● **Problem details**:
All lines below starting at the one that holds "100 g of Lana" and ending at the one that holds "Навесні 1896 року" should be printed exactly, ends included. Pictures should not be printed, nor anything else.

● **Information given**:

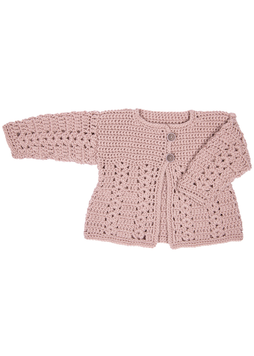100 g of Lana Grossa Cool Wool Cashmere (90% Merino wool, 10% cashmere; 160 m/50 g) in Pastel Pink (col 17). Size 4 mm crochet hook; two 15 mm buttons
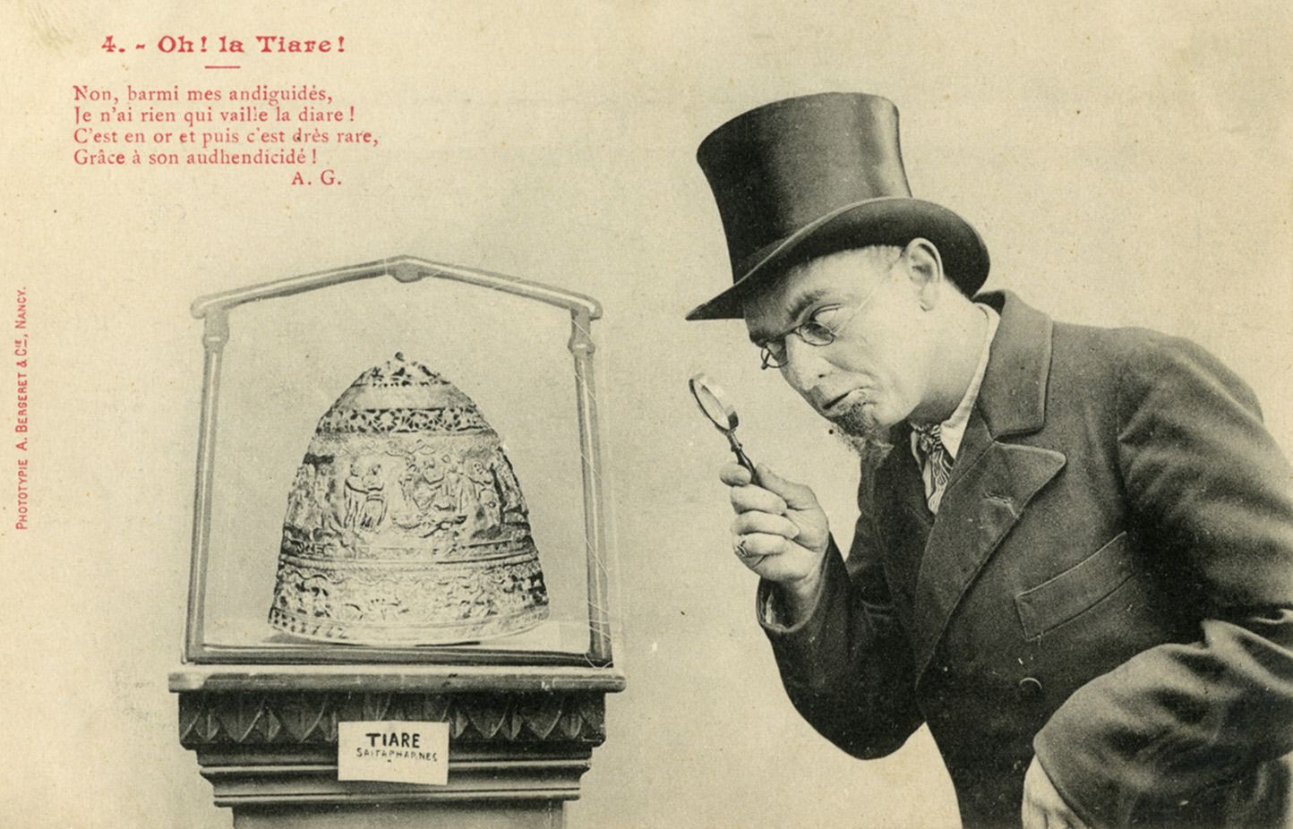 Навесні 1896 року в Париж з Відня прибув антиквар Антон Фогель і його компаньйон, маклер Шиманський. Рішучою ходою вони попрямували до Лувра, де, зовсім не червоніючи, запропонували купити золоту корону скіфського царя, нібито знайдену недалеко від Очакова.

* * *

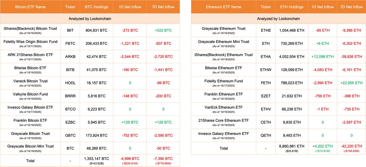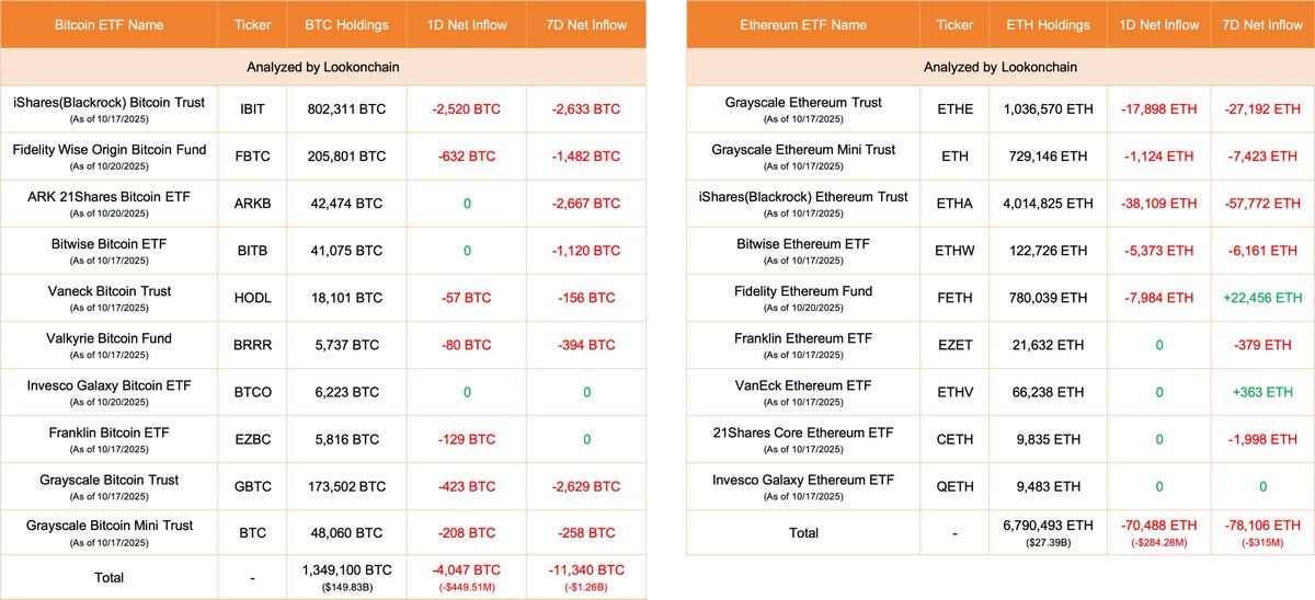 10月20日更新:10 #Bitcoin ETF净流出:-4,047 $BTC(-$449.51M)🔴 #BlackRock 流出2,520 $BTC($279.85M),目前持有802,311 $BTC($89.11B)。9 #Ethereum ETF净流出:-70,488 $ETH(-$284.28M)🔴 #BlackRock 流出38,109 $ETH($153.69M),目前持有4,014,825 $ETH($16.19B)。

● **Task answer**:
100 g of Lana Grossa Cool Wool Cashmere (90% Merino wool, 10% cashmere; 160 m/50 g) in Pastel Pink (col 17). Size 4 mm crochet hook; two 15 mm buttons
 Навесні 1896 року в Париж з Відня прибув антиквар Антон Фогель і його компаньйон, маклер Шиманський. Рішучою ходою вони попрямували до Лувра, де, зовсім не червоніючи, запропонували купити золоту корону скіфського царя, нібито знайдену недалеко від Очакова.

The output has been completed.